От выпитой водки Волкову стало жарко, и он снял свитер. Теперь ему хотелось говорить, все равно с кем, только бы выговориться. И он говорил, говорил все, что только приходило в его голову, он говорил о себе, о Дукалисе, об их отношениях. Он не знал раньше, что может так много говорить. Соловец слушал его, не прерывая. И подливая водку.
– Правильно, поплачь, легче станет...
Он не заметил, как оказался на коленях у Соловца. Он плакал, уткнувшись носом в плечо Георгича, и свитер Соловца был пропитан слезами Волкова. И Соловцу осталось только снять его.
– Иди сюда...
Его губы приблизились к губам Волкова. Его руки обвились вокруг талии майора. Волков оказался крепко прижатым к горячему телу Соловца, он чувствовал его жесткие кости. Прижиматься к мягкому, упитанному телу Дукалиса было гораздо приятнее...
А сейчас его целует Соловец. И Славка отвечает ему. Потому что на такой поцелуй нельзя не ответить. Такой требовательный и властный. Соловец привык получать свое... Его губы жесткие и сухие, его объятия грубы и бесцеремонны. И Волков понимает, что сейчас им грубо овладеют прямо на столе...
– Георгич, не надо... – прошептал Волков, когда Соловец наконец насытился его губами.
Он обещал Дукалису миллион поцелуев. Он даже как-то в шутку подсчитал, сколько раз день в среднем они целуются и сколько лет им придется прожить, чтобы подарить друг другу миллион поцелуев. Но Толик покинул Славку, ушел туда, откуда не возвращаются. И Соловец уже украл у него один поцелуй. И кажется, намерен украсть все остальные.
Палец Соловца лег на губы Волкова.
– Надо, Слава, надо. Сегодня надо. Тебе надо и мне надо.
Его руки расстегивают рубашку Волкова, губы дразнят соски, потом руки добираются до ширинки.

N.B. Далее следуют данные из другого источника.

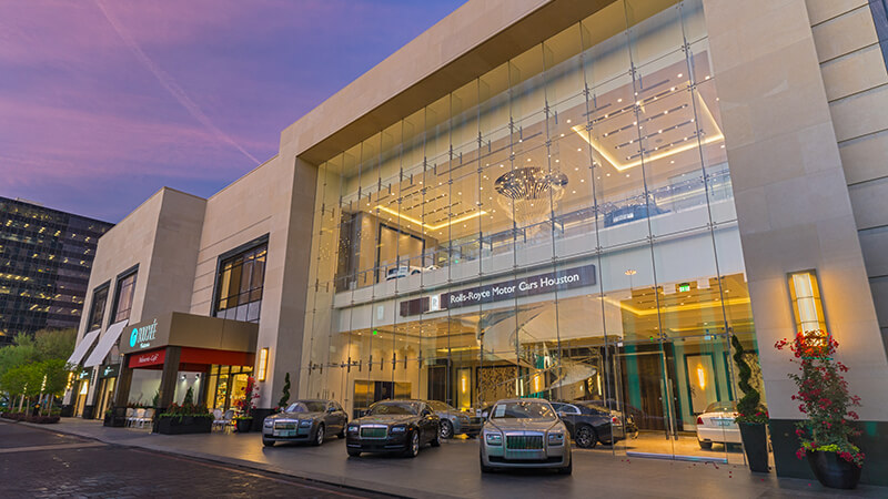 The master-planned mixed-use project also features 11 stories of office space as well as a designer retail boutique, chic salon, spa, and fitness centre. In addition to the two-story Rolls Royce showroom located inside the hotel, an on-property dealership, Post Oak Motors, offers Bentleys and Bugattis available for purchase or just admiring.

– Ты сам знаешь, что надо. Ты не обманешь свое тело. Не бойся, тебе будет хорошо со мной... Дукалиса не вернешь, а мы будем жить.
– Может... Не сейчас?
– Сейчас. Я приказываю.
Дуло пистолета снова оказывается во рту Волкова. Но он понимает, что это игра.
– Не бойся, он на предохранителе!
– Я не боюсь.
– Тогда я еще поцелую тебя.
Соловец снова целует его. И Славка понимает, что ему хорошо... Пусть Георгич сегодня делает с ним все, что хочет. А завтра видно будет.
– Славка, все будет хорошо. Ты привыкнешь ко мне, ты полюбишь меня. Теперь мы должны быть вместе.